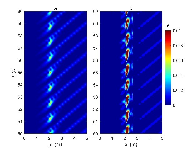图2.1.4 礁冠影响下底部能量耗散率对比图
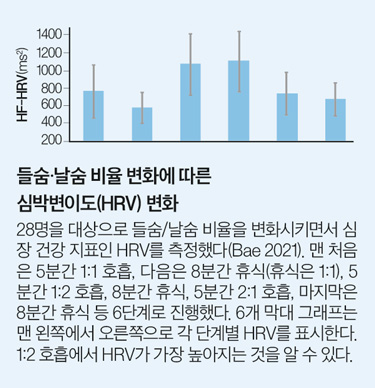 이때, 와 같은 심박수 변동성(HRV) 그래프는 다양한 호흡 비율에 따른 심박수 변동성을 나타냅니다. 특히 1:2의 호흡 비율이 가장 높은 HRV를 기록하는데, 이는 몸의 이완 상태와 관련이 깊습니다.
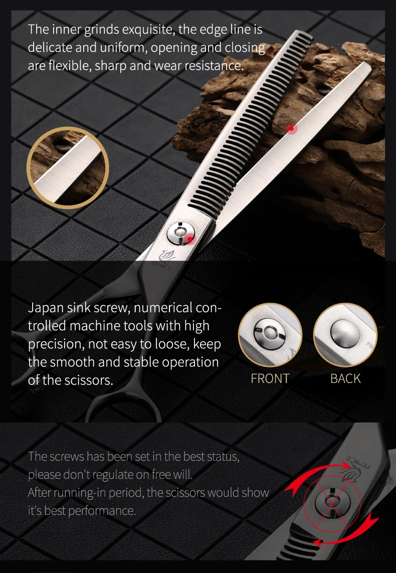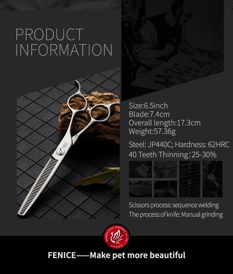 Fenice JP440C tijeras profesionales de aseo para perros de 6,5 pulgadas tijeras de adelgazamiento para mascotas tijeras de corte de pelo de belleza para perros

+++

What you are asked to do:
Set down word for word the lines beginning with the one containing "이때, 와 같은 심박수" and ending with the last line of the listing, inclusive. Omit every picture.

Answer below:
 이때, 와 같은 심박수 변동성(HRV) 그래프는 다양한 호흡 비율에 따른 심박수 변동성을 나타냅니다. 특히 1:2의 호흡 비율이 가장 높은 HRV를 기록하는데, 이는 몸의 이완 상태와 관련이 깊습니다.
 Fenice JP440C tijeras profesionales de aseo para perros de 6,5 pulgadas tijeras de adelgazamiento para mascotas tijeras de corte de pelo de belleza para perros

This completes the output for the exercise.